A quick mention on COMEX copper, where I came respectably close in the only contract prediction I offered this week. The managed money traders in copper bought 13,581 net contracts, a bit below my 15,000 to 20,000 contract prediction, but still a very large weekly change and the sole explanation for why copper prices rose (along with LME and Shanghai positioning). During the reporting week, copper prices exploded by as much as 20 cents per pound, setting multi-year highs in the process.

It would be an understatement to say I’m quite sensitive to the issue of paper futures trading setting the price of world commodities, so whenever there are big price changes, I look for the cause. When I did this in copper this week, I couldn’t find any plausible explanation offered for the jump in copper prices, aside from the same Pablum always trotted out, namely, weak Chinese demand on lower prices and strong Chinese demand on rising prices. As if Chinese demand could ever change as much and as often as reported. Copper prices are as high as they are because managed money buying has been as strong as it has ever been, or nearly so

More than ever, the evidence of speculative paper positioning is stronger and more obvious than ever before, yet it seems to be somehow more overlooked than ever. How can this be? And if anyone should be raising this issue, it should be the regulators at the CFTC. The problem here, of course, is should the agency ever acknowledge what is really driving prices, it will be asked why it didn’t see so and take action sooner. It’s hard for anyone to do anything against his own best interests.


Slippin’ Out the Back, Jack?


News reports this week indicated that the Bank of Nova Scotia (ScotiaBank), Canada’s third largest bank, had put its precious metals operation, ScotiaMocatta, up for sale. Various sources said the unit had been for sale for a year or so and it was thought (hoped?) Chinese interests might buy the business. It was also reported that the Bank of Nova Scotia would shrink the unit if no buyer could be found. The impetus for the sale was said to be a scandal involving smuggled gold from South America to the US. Somewhat ironic, but interesting nevertheless, was that the sale “listing” agent was none other than JPMorgan.

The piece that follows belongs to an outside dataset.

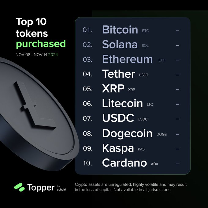 GM and happy Saturday! 👋 Nothing new to report this week—top tokens purchased on #Topper remain the same as last week. Quick reminder: go touch grass today.

I believe there is more to this story than meets the eye and which involves the ongoing gold and silver price manipulation. About the only thing I find suspect in the news accounts is the motive for the sale – I was aware of the smuggling story, but ScotiaMocatta didn’t seem particularly exposed in this matter. I accept that the unit is up for sale, just not the motivation behind the sale. If my reasoning is correct, this could be a very significant development in the ongoing silver and gold price manipulation on the COMEX; on a par with JPMorgan taking over Bear Stearns in March 2008; which, in my opinion, was the most significant event in the silver market in decades.

In order to make my case, I have to take you on a stroll down memory lane, back 35 years or more to the time of the great silver price run up in 1980, when the Hunt Bros. ran the price of silver to $50 before it collapsed. I was an active participant in that run up and collapse as a commodity broker with customers on both sides of the market (in a limited way) and didn’t have any specific interest in silver over other markets at that time. What I came to know developed later, from 1985 onward, as a result of a challenge given to me by Izzy Friedman, as I’ve recounted on numerous occasions.

One thing that I don’t believe I’ve ever written about before that I learned not only from Izzy, but also from the historical record, was that the big silver short at that time was the metals dealer Mocatta Metals Corp, a firm whose roots dated back for hundreds of years and which was headed then by Dr. Henry Jarecki.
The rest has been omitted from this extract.